» **Dataset excerpts**:
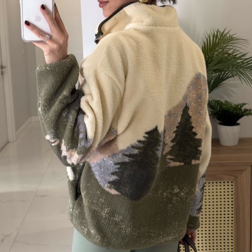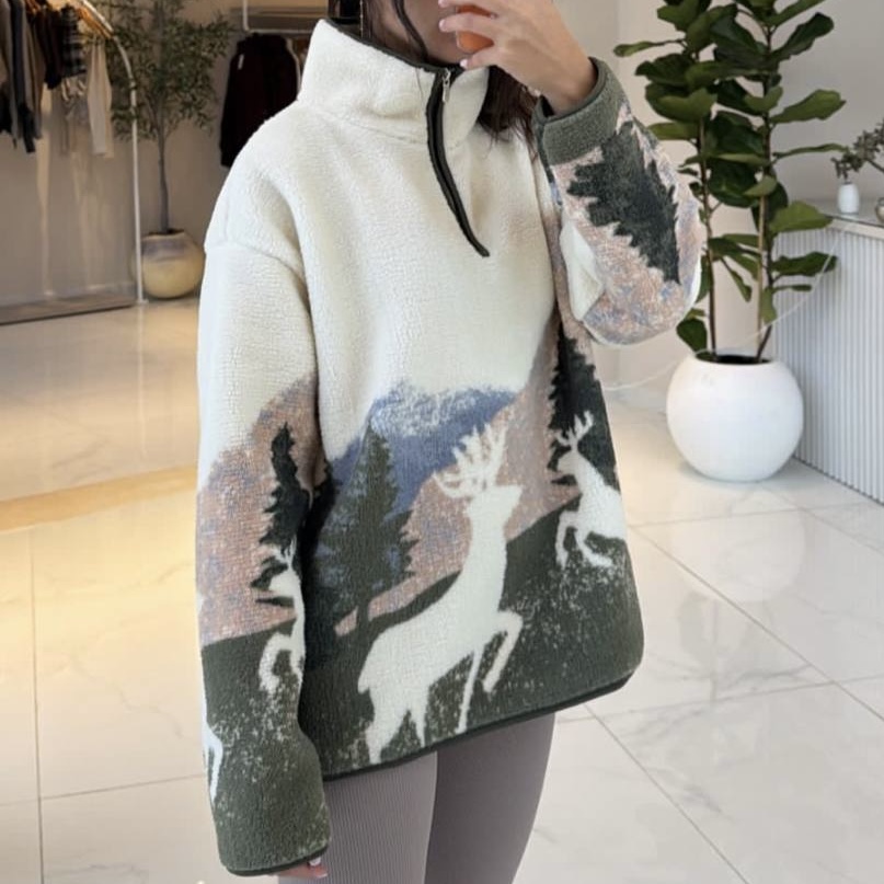 نیم زیپ تدی طرح گوزن سفید
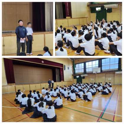 本日は朝から1年生が学年集会を行いました。1年生では担当の先生からお話がありました。昨日ブルーインパルスの飛行をみた人という質問にたくさんの人が手を上げていました。6人の飛行士の中で大阪出身のパイロットの方がいて、その方は15才の頃からブルーインパルスのパイロットになりたいと夢をみて、実現させたそうです。また自身が中学生の頃から野球をしていたけれど好きな野球にもっと打ち込んでいたらよかったと後悔しているそうです。皆さんにも今夢があると思いますので、その実現のために今できることを考えて行動してほしいと伝えてくれていました。
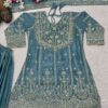 Sharara Plazo: Heavy Chinon Silk with 5mm embroidery sequence coding, full flair
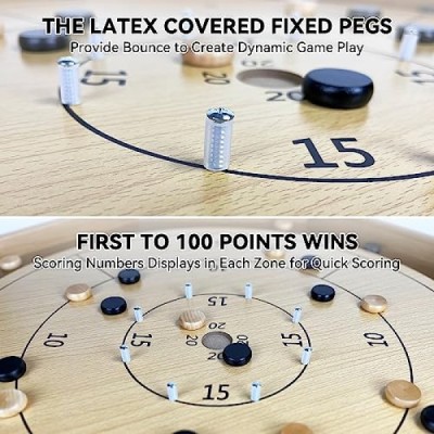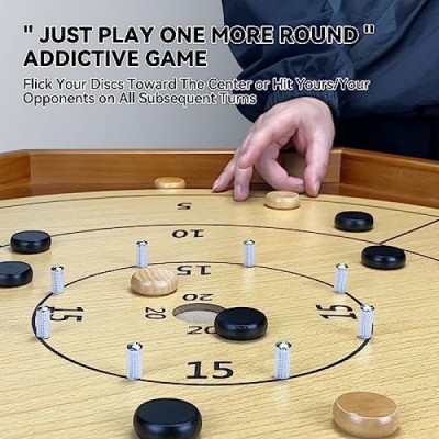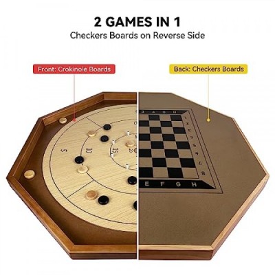 Tournament Crokinole Board Game 30 Inch, 2 in 1 Crokinole and Checkers with 26” Playing Surface, Metal Pegs, Wooden Octagon Canadian Tabletop Board Game Krokinole for Families and Friends
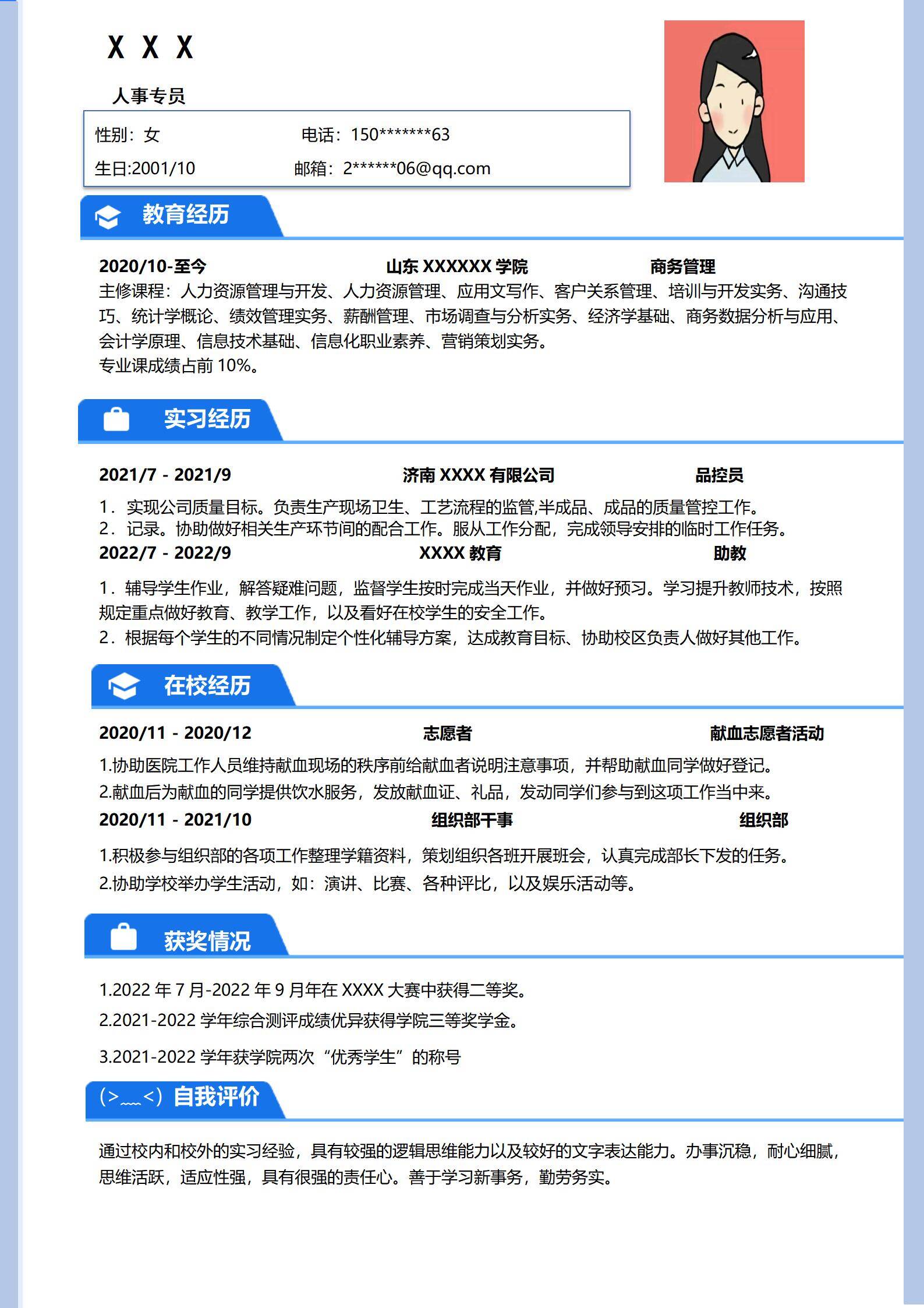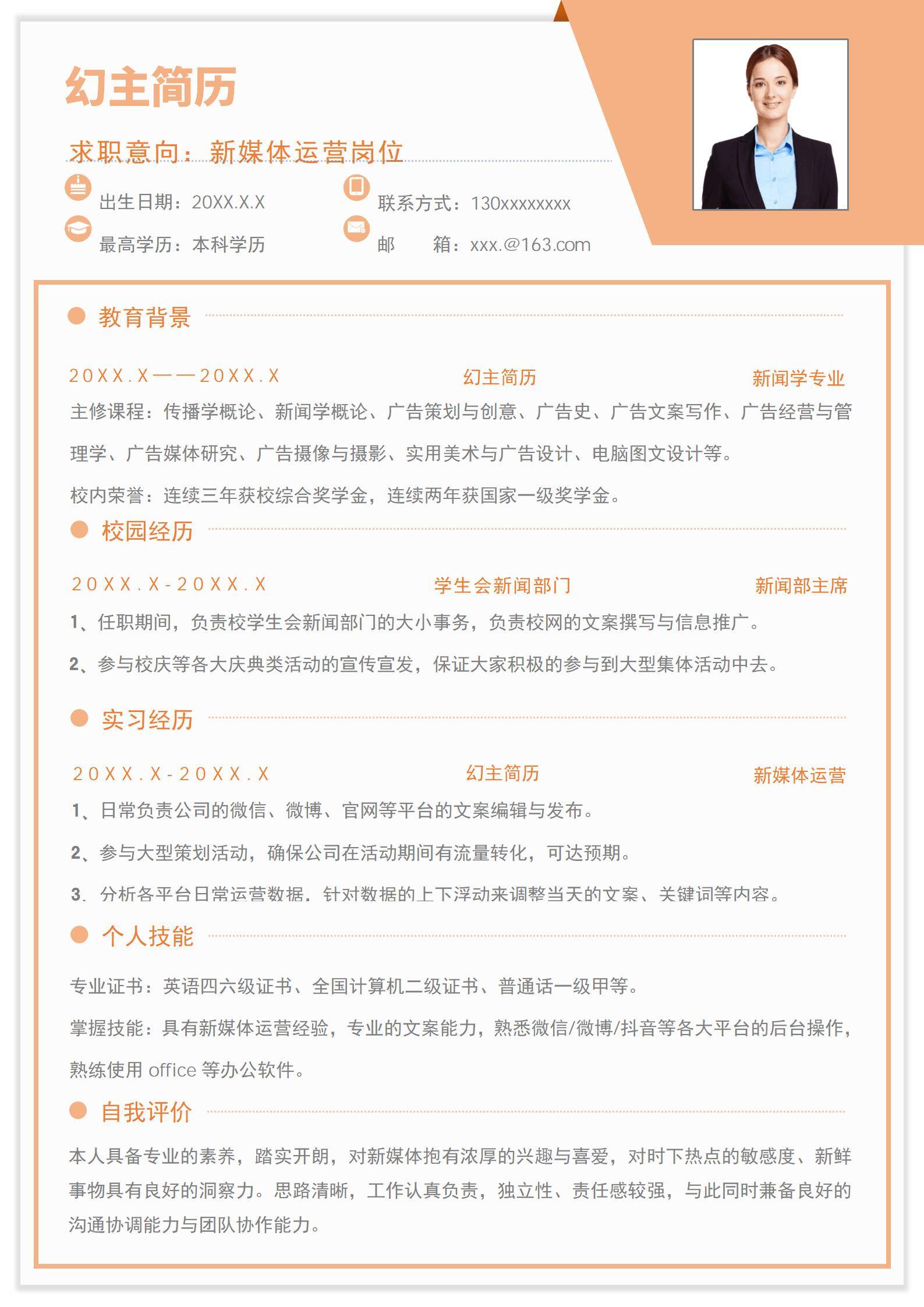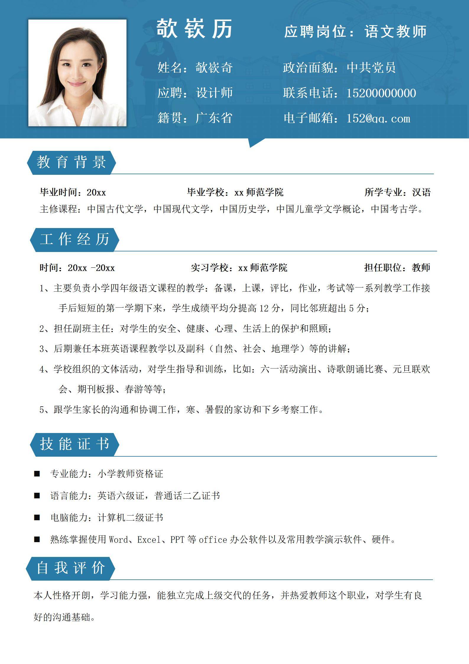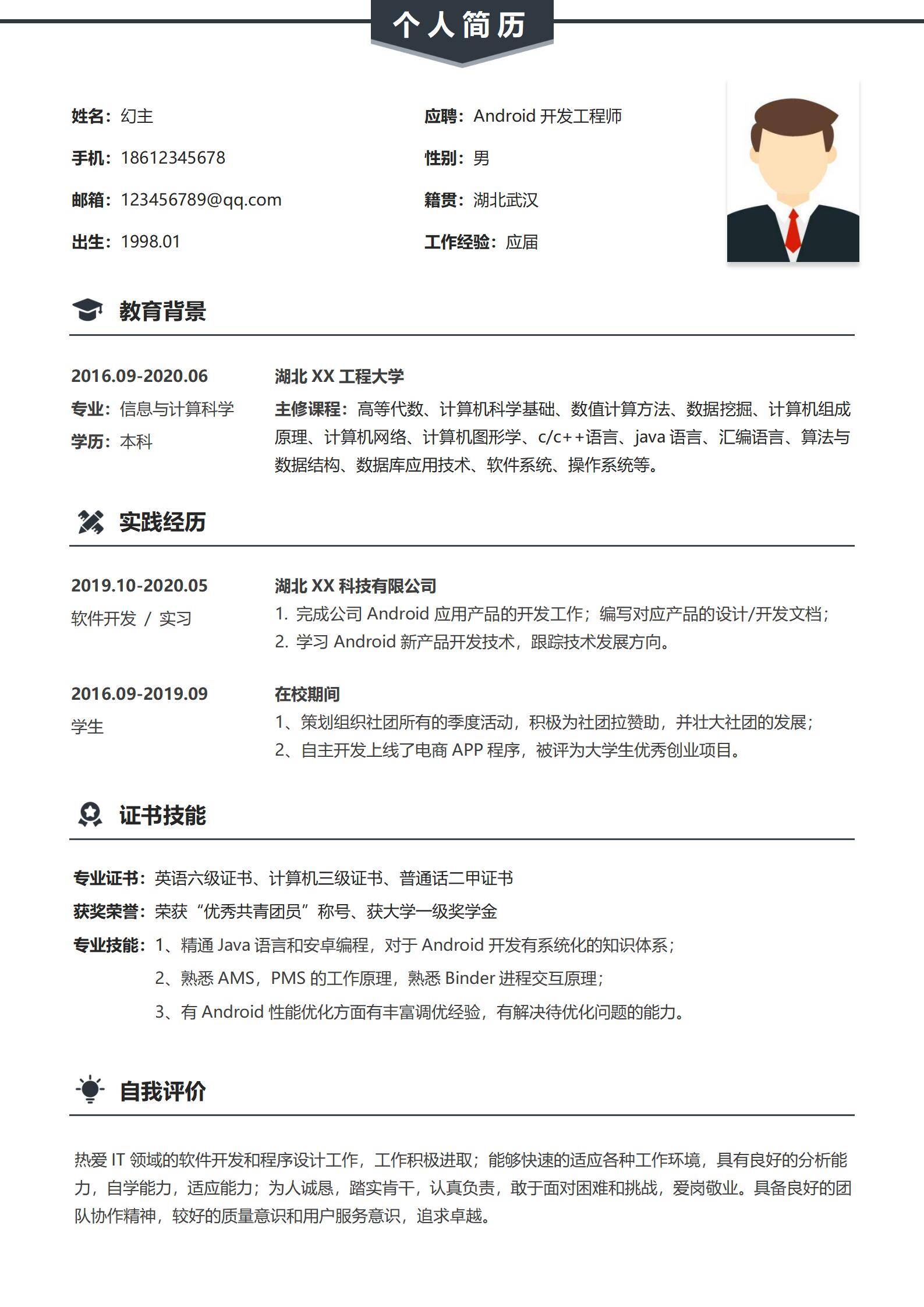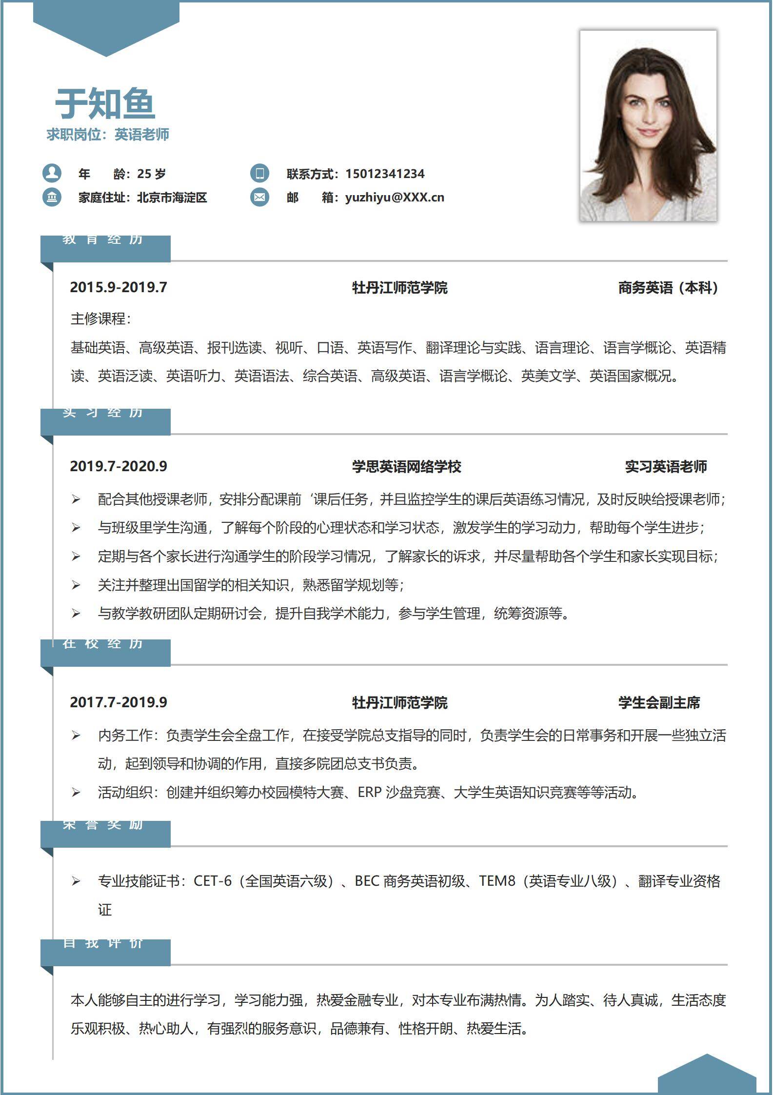 简洁大方,简历模板不错
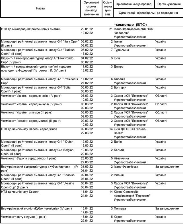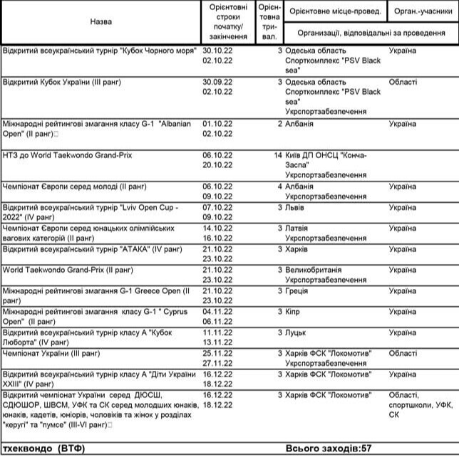 Тхеквондо-2022: календарний план спортивних заходів
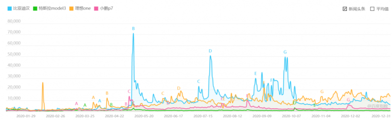 同時,對比比亞迪漢和其他品牌車企的車型熱度,通過2020年的百度指數發現,比亞迪漢的百度搜索指數,在同級別新能源車產品中遙遙領先。
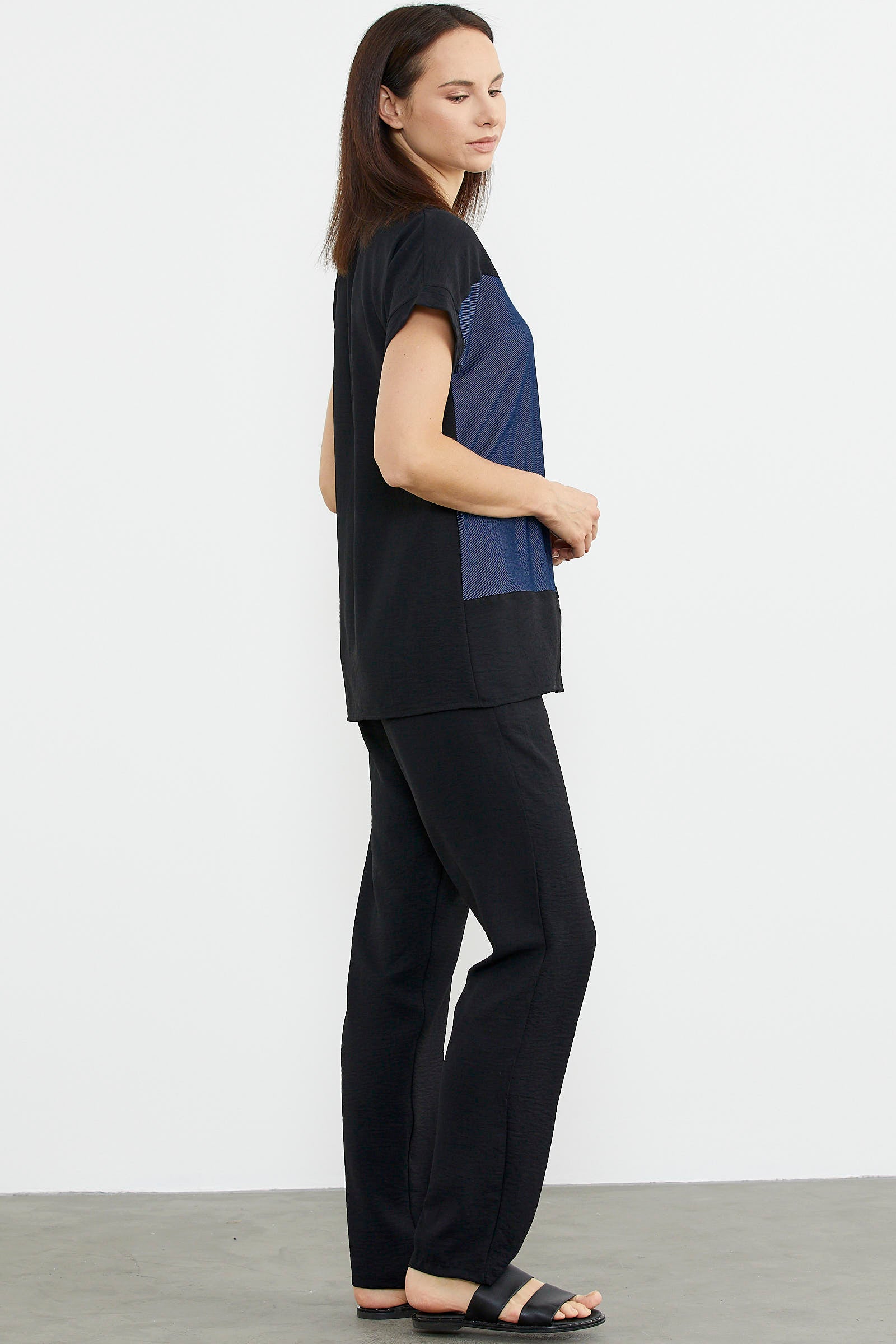 Denim Görünümlü Çift Renk Takım - Siyah

» **Problem**:
Would you repeat each line of the listing exactly, skipping any picture?

» **Completed exercise**:
 نیم زیپ تدی طرح گوزن سفید
 本日は朝から1年生が学年集会を行いました。1年生では担当の先生からお話がありました。昨日ブルーインパルスの飛行をみた人という質問にたくさんの人が手を上げていました。6人の飛行士の中で大阪出身のパイロットの方がいて、その方は15才の頃からブルーインパルスのパイロットになりたいと夢をみて、実現させたそうです。また自身が中学生の頃から野球をしていたけれど好きな野球にもっと打ち込んでいたらよかったと後悔しているそうです。皆さんにも今夢があると思いますので、その実現のために今できることを考えて行動してほしいと伝えてくれていました。
 Sharara Plazo: Heavy Chinon Silk with 5mm embroidery sequence coding, full flair
 Tournament Crokinole Board Game 30 Inch, 2 in 1 Crokinole and Checkers with 26” Playing Surface, Metal Pegs, Wooden Octagon Canadian Tabletop Board Game Krokinole for Families and Friends
 简洁大方,简历模板不错
 Тхеквондо-2022: календарний план спортивних заходів
 同時,對比比亞迪漢和其他品牌車企的車型熱度,通過2020年的百度指數發現,比亞迪漢的百度搜索指數,在同級別新能源車產品中遙遙領先。
 Denim Görünümlü Çift Renk Takım - Siyah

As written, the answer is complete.